Each milestone may only be achieved once. The maximum amount payable with respect to the CVR issued in respect to each Share is $3.50 in the aggregate. There can be no assurance any payments will be made with respect to any CVR. It is possible that no milestone is achieved and no payment is made with respect to the CVRs.
Equiniti Trust Company, LLC, the depositary for the Offer, has advised Supernus that a total of 36,313,509 Shares were validly tendered and not validly withdrawn in the Offer, representing approximately 58 percent of the Shares outstanding.

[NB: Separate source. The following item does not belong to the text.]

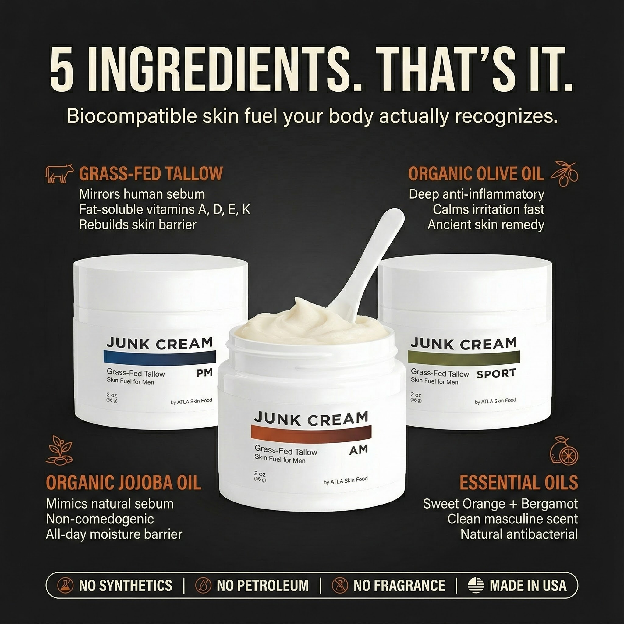ATLA JUNK CREAM - Grass-Fed Tallow Skin Fuel for Men
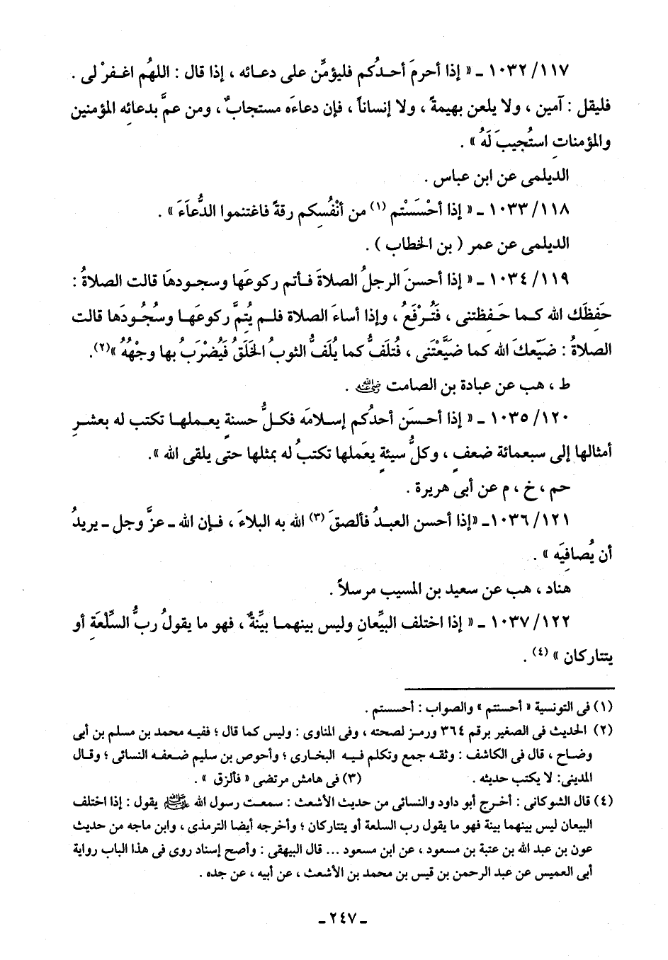 120/ 1035 - "إذا أحسَن أحدُكم إسلامَه فكلُّ حسنةٍ يعملها تكتب له بعشرِ أمثالها إلى سبعمائة ضعفٍ، وكلُّ سيئةٍ يعملها تكتبُ له بمثلها حتى يلقى الله".

All of the conditions of the Offer have been satisfied, and effective as of the Expiration Time, Supernus and its wholly owned subsidiary, Saphire, Inc. ("Purchaser"), accepted for payment all Shares that were validly tendered and not validly withdrawn in the Offer, and will as promptly as practicable thereafter pay for all such validly tendered Shares. Following the completion of the Offer, Supernus completed the acquisition of Sage through the merger of Purchaser with and into Sage, without a vote of Sage stockholders in accordance with Section 251(h) of the General Corporation Law of the State of Delaware ("DGCL"), with Sage surviving the merger as a wholly owned subsidiary of Supernus. In connection with the merger, each Share not previously purchased in the Offer (other than (i) Shares held by Sage (or held in Sage’s treasury) immediately prior to the effective time of the merger, (ii) any Shares held by Supernus or Purchaser or any direct or indirect wholly owned subsidiary of Supernus or Purchaser immediately prior to the effective time of the merger, or (iii) Shares held by any stockholder who was entitled to appraisal rights under Section 262 of the DGCL and properly exercised and perfected their respective demands for appraisal of such Shares pursuant to Section 262 of the DGCL and, as of the effective time of the merger, has neither effectively withdrawn nor lost their rights to such appraisal and payment under the DGCL with respect to such Shares) was converted into the right to receive the Offer Price, less any applicable withholding taxes and without interest. The Shares will be delisted from the Nasdaq Global Market.
Advisors
Moelis & Company LLC acted as the exclusive financial advisor to Supernus. Goldman Sachs & Co. LLC acted as the exclusive financial advisor to Sage. Saul Ewing LLP served as legal counsel to Supernus. Kirkland & Ellis LLP served as legal counsel to Sage.